Start of Data to process

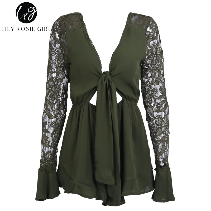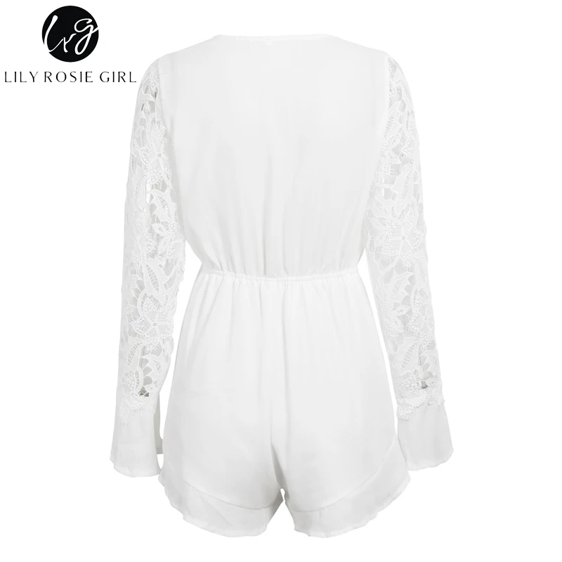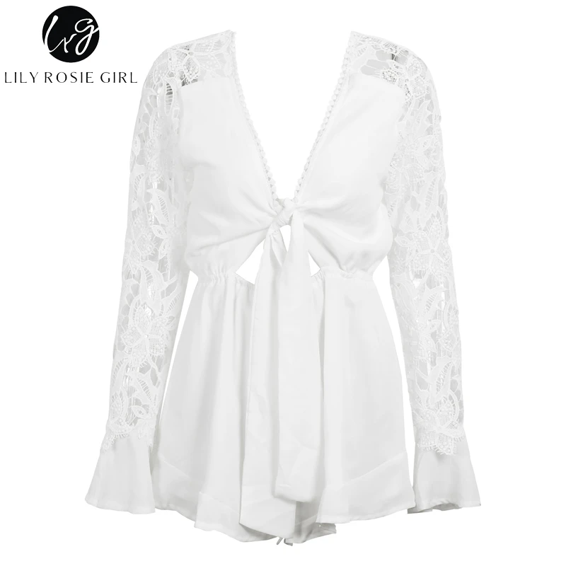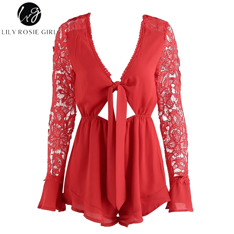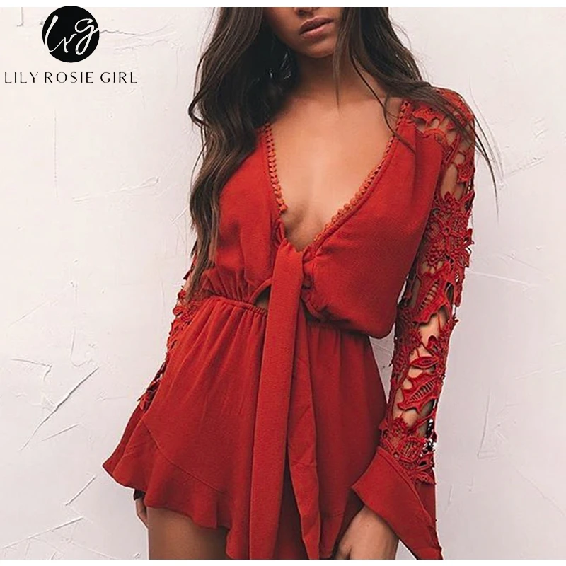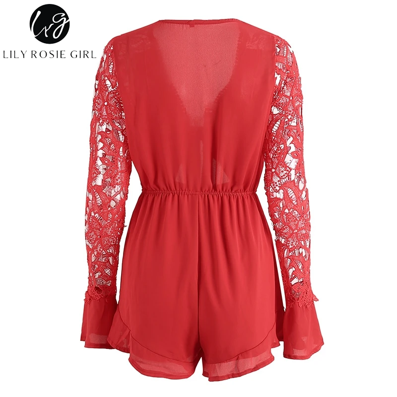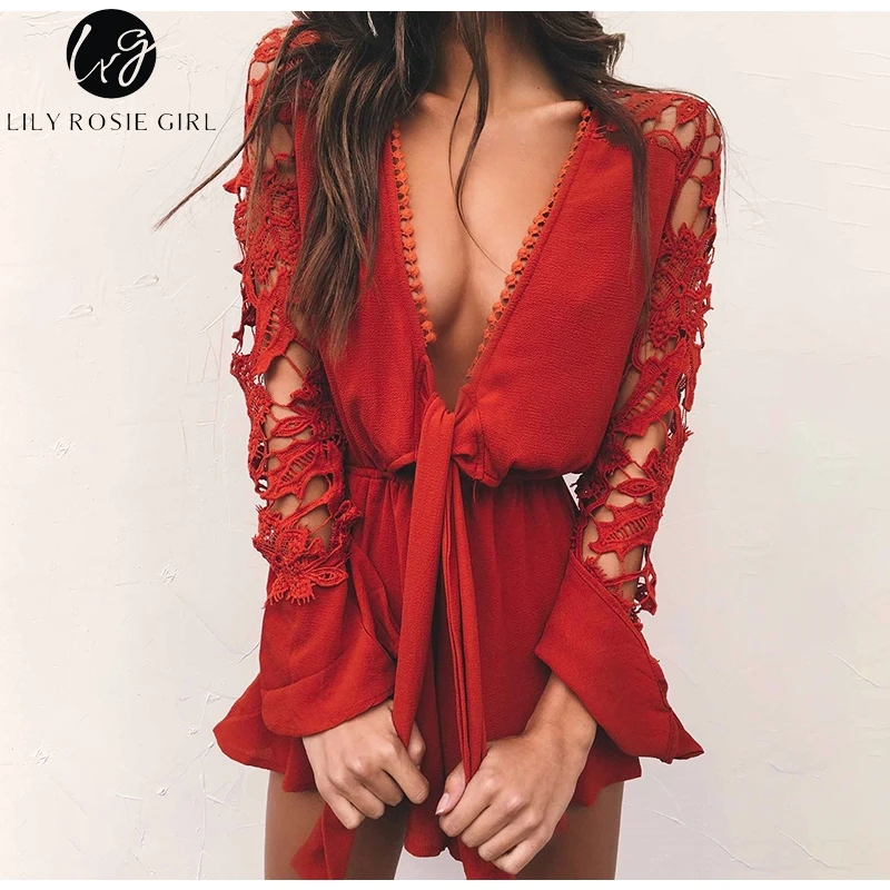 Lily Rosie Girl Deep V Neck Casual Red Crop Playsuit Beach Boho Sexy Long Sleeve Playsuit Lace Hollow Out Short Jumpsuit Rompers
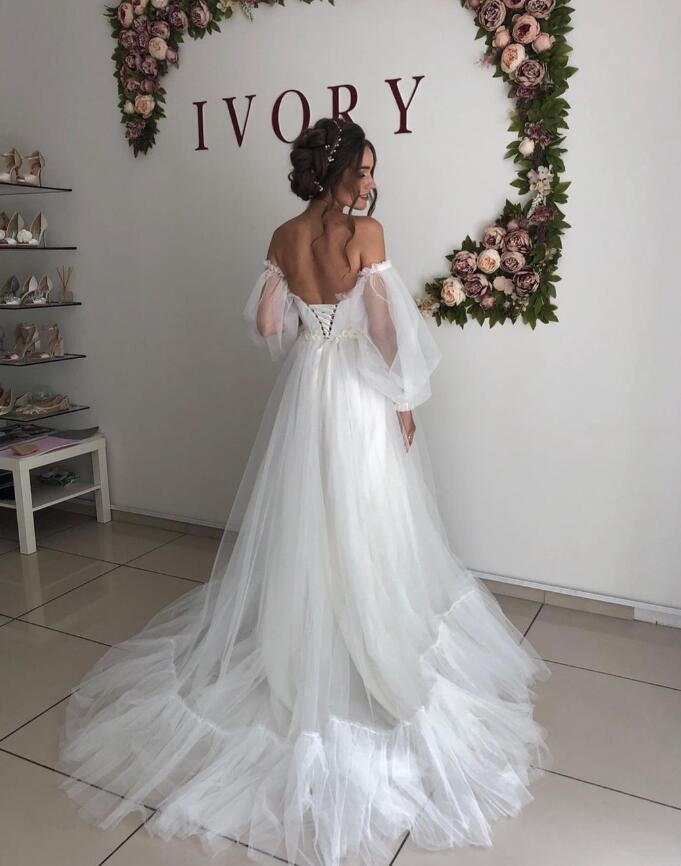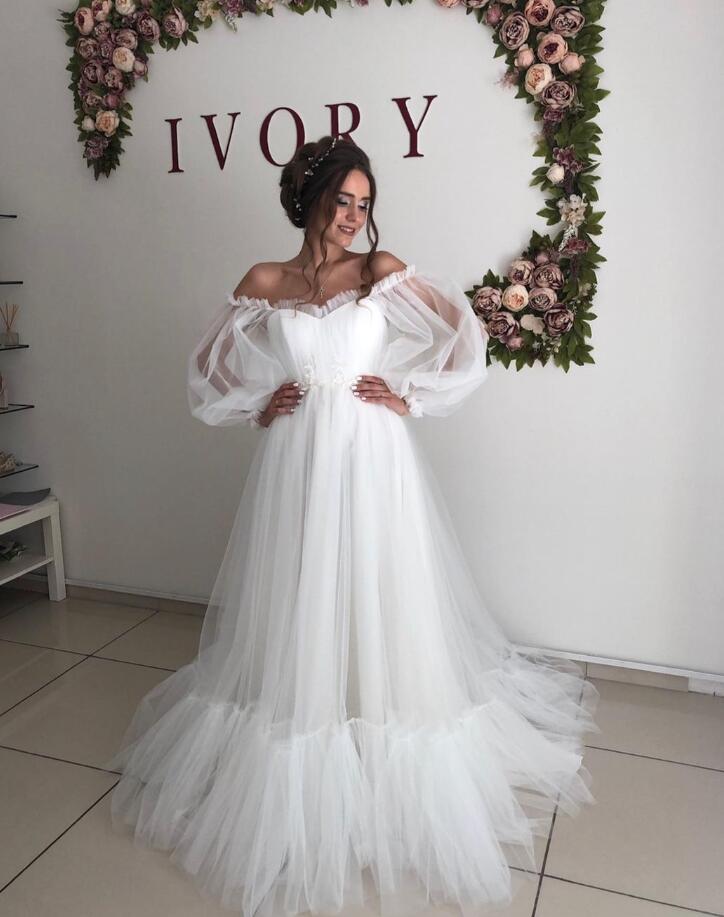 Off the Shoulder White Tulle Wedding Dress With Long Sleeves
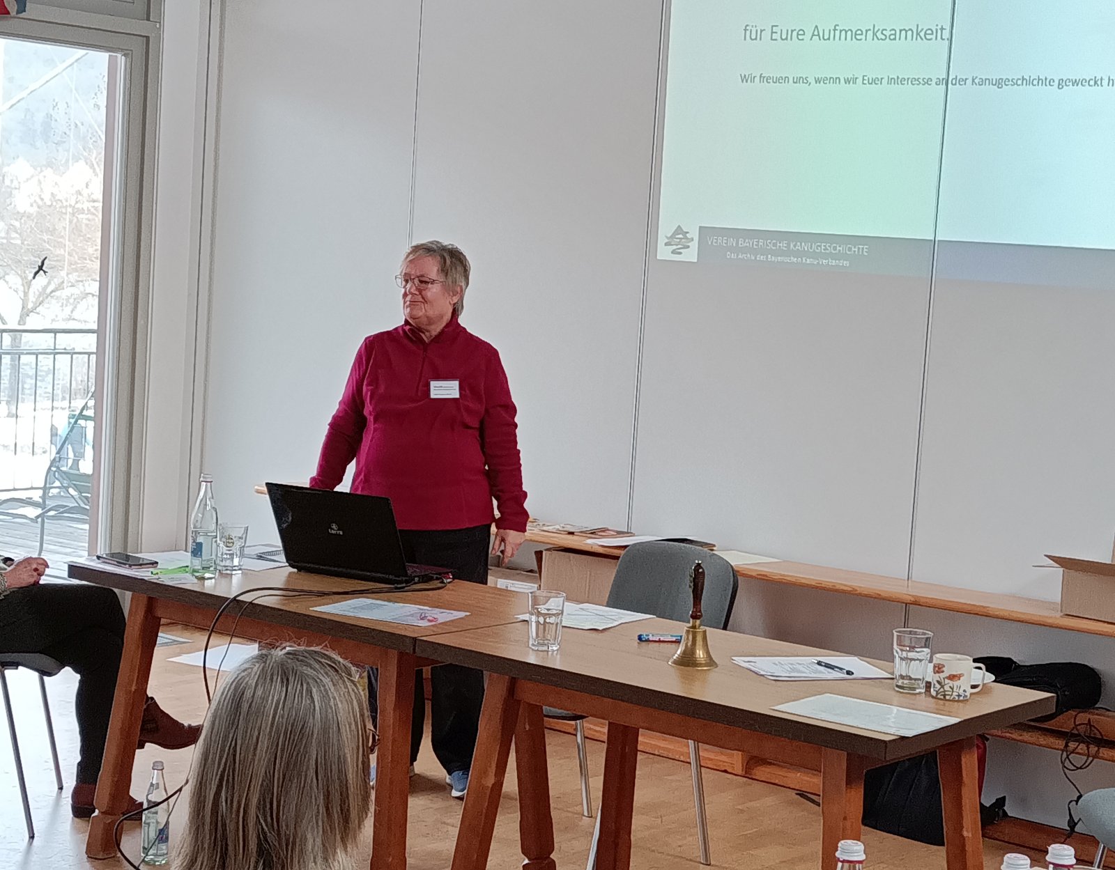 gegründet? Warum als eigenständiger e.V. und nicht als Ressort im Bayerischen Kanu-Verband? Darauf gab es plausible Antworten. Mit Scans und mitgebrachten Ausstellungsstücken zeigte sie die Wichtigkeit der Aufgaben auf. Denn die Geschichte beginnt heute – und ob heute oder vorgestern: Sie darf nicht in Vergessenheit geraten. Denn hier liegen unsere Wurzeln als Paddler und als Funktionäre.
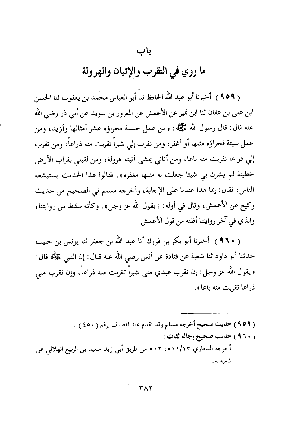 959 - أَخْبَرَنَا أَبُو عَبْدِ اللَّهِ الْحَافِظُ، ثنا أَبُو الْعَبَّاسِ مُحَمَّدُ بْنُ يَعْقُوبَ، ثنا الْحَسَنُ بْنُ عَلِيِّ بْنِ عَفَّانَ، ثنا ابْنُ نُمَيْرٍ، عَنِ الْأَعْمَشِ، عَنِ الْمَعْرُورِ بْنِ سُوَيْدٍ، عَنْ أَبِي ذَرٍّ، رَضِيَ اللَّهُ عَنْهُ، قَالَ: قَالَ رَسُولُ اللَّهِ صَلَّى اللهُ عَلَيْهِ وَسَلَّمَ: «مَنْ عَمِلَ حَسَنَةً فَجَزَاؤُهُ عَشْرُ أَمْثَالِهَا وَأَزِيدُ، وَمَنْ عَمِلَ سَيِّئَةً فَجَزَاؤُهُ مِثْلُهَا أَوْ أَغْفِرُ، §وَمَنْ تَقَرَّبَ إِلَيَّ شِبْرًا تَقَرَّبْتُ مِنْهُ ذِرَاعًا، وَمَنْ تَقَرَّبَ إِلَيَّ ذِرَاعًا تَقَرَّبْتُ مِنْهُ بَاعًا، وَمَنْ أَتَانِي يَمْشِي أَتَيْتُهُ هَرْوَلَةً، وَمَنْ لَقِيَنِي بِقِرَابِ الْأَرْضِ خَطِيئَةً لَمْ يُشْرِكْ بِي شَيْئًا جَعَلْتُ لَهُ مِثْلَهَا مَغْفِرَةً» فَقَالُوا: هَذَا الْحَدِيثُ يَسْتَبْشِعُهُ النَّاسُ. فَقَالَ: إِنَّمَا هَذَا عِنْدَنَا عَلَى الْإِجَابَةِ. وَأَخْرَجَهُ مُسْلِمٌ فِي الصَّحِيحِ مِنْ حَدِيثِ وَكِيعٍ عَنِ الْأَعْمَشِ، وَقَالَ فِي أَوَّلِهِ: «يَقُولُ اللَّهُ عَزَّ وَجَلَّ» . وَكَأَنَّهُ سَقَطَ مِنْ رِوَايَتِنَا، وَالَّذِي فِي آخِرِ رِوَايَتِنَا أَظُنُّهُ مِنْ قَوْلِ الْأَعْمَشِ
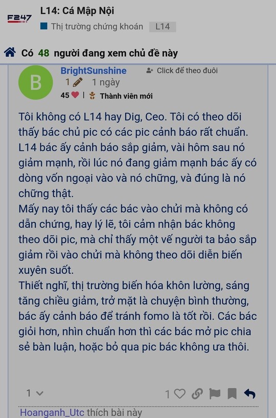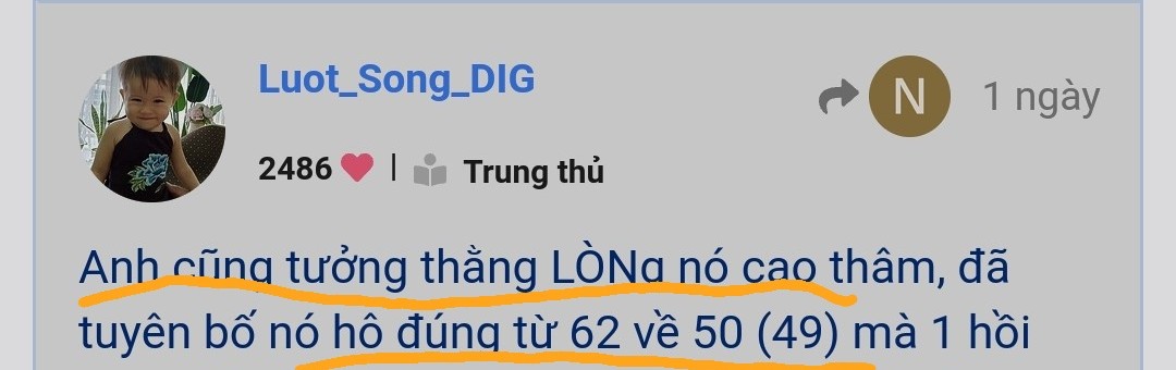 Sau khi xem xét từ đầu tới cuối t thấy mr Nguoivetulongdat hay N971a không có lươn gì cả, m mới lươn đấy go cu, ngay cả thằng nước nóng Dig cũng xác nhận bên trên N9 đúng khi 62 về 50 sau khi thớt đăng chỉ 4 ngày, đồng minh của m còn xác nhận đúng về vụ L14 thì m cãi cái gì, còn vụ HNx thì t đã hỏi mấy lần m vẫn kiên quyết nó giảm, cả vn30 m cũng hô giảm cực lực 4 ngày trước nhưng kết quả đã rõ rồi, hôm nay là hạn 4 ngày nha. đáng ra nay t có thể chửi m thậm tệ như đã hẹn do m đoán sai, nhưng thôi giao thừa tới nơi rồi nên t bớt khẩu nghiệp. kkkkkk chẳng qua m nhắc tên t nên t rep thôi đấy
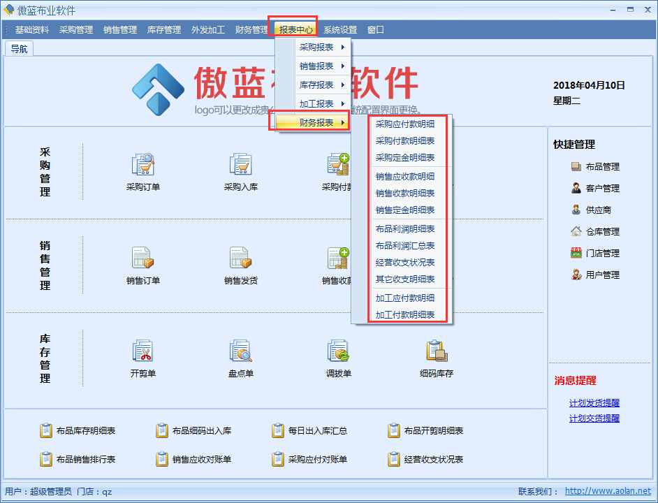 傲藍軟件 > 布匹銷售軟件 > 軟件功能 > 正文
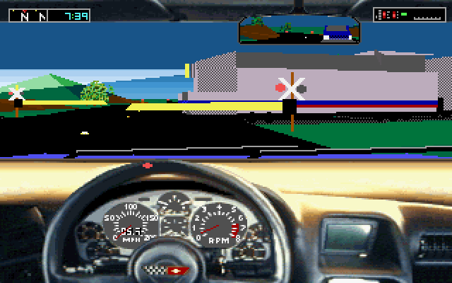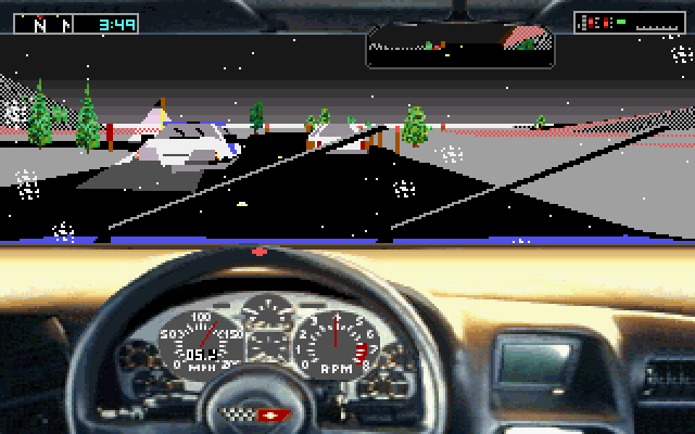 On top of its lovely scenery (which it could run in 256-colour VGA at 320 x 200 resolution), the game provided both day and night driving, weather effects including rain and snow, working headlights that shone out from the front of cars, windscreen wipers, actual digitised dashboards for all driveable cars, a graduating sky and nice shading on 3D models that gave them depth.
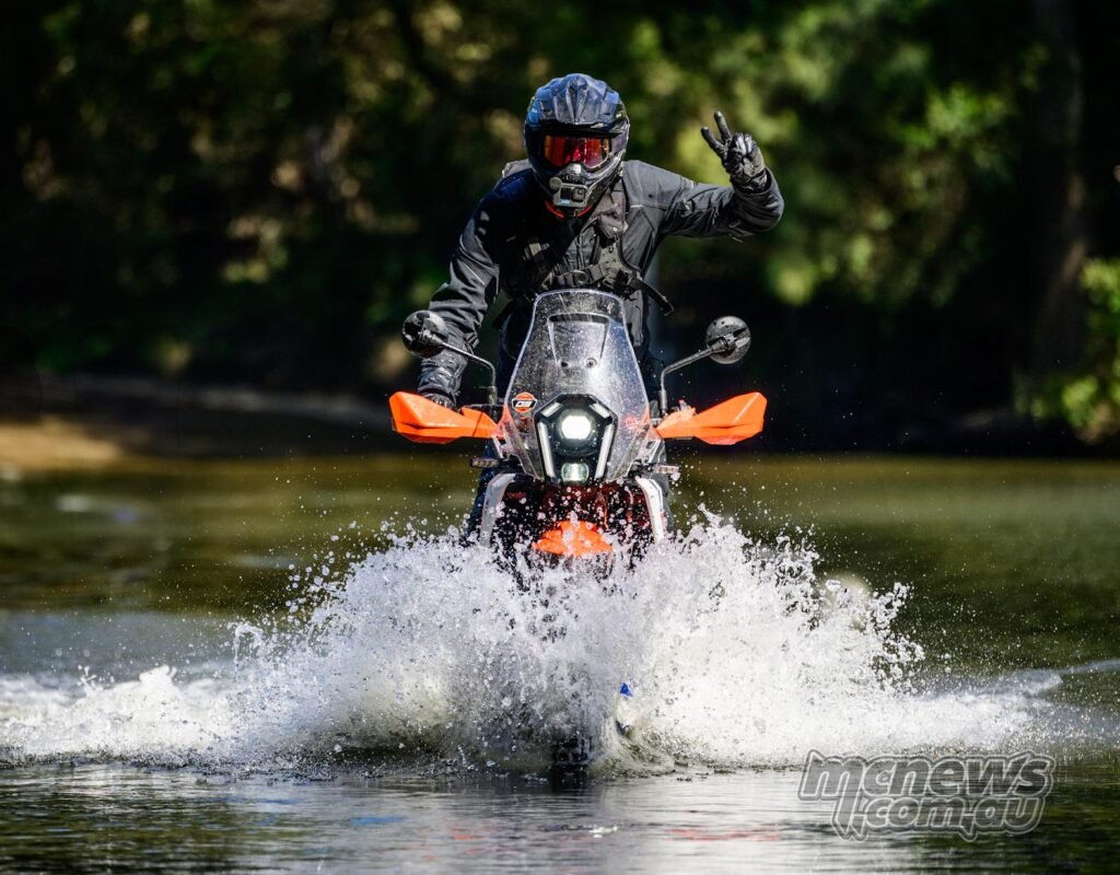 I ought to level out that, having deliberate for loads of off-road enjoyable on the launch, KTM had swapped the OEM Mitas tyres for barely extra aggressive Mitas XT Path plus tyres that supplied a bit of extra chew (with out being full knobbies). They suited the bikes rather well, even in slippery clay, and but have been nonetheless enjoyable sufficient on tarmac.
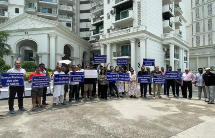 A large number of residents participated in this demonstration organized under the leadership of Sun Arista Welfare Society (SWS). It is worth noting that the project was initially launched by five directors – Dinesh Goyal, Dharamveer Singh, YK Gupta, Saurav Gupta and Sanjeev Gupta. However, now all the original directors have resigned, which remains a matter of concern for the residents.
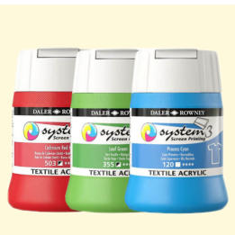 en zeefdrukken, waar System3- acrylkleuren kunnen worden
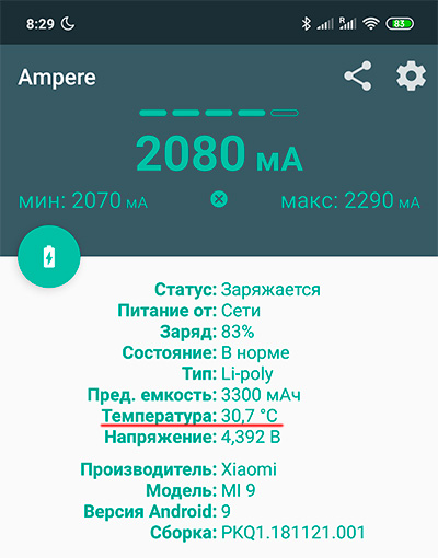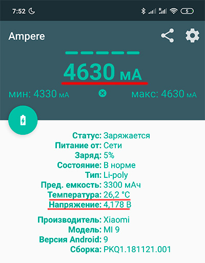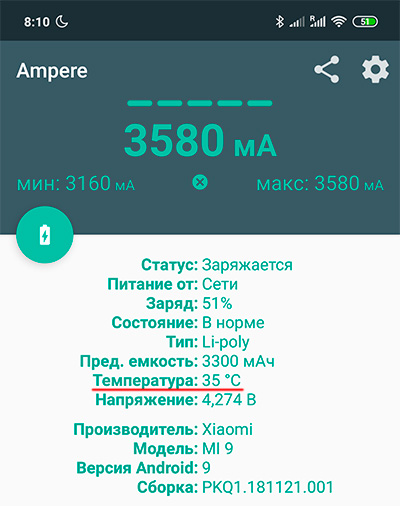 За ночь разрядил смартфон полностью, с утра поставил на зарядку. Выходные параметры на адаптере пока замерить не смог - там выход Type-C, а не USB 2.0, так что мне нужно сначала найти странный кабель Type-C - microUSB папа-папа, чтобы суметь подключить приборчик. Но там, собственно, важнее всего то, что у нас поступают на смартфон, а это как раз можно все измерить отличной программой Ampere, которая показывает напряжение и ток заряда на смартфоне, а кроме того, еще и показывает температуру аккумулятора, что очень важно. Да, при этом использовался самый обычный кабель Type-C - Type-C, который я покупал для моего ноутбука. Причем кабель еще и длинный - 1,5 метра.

End of Data to process

The task | Write out again, exactly, each line from the one containing "en zeefdrukken, waar" through the last line of the entries, and omit every picture.

Task answer |
 en zeefdrukken, waar System3- acrylkleuren kunnen worden
 За ночь разрядил смартфон полностью, с утра поставил на зарядку. Выходные параметры на адаптере пока замерить не смог - там выход Type-C, а не USB 2.0, так что мне нужно сначала найти странный кабель Type-C - microUSB папа-папа, чтобы суметь подключить приборчик. Но там, собственно, важнее всего то, что у нас поступают на смартфон, а это как раз можно все измерить отличной программой Ampere, которая показывает напряжение и ток заряда на смартфоне, а кроме того, еще и показывает температуру аккумулятора, что очень важно. Да, при этом использовался самый обычный кабель Type-C - Type-C, который я покупал для моего ноутбука. Причем кабель еще и длинный - 1,5 метра.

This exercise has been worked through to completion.